====== Entries provided

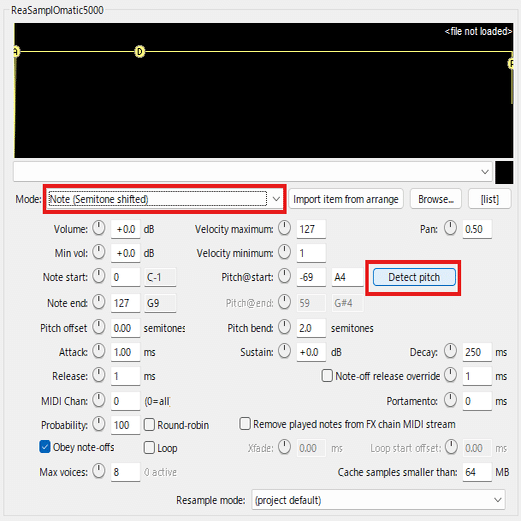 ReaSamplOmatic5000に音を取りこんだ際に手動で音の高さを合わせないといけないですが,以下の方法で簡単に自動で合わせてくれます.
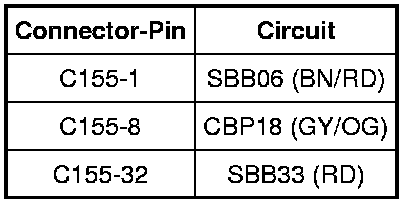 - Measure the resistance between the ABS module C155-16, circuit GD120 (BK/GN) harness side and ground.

============
====== Entries provided

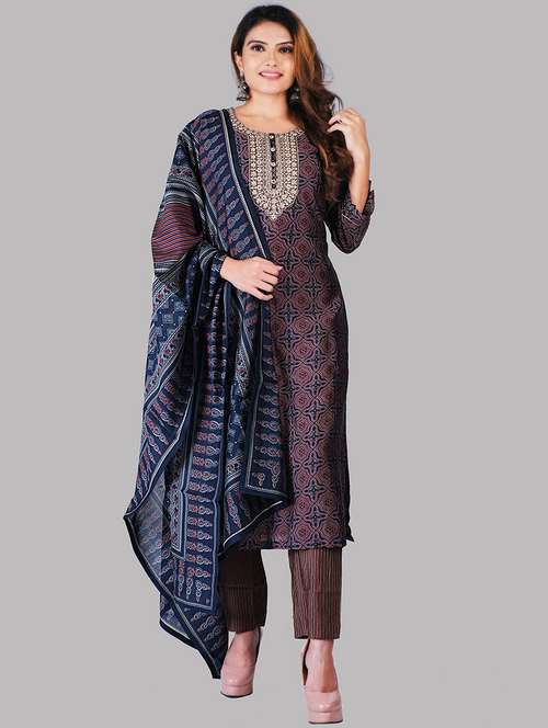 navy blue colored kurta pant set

============

▸ Task instructions:
Return the stretch of data that begins with the line showing "ReaSamplOmatic" and goes on through the line showing "- Measure the", exactly, with pictures removed.

▸ Output for this exercise:
 ReaSamplOmatic5000に音を取りこんだ際に手動で音の高さを合わせないといけないですが,以下の方法で簡単に自動で合わせてくれます.
 - Measure the resistance between the ABS module C155-16, circuit GD120 (BK/GN) harness side and ground.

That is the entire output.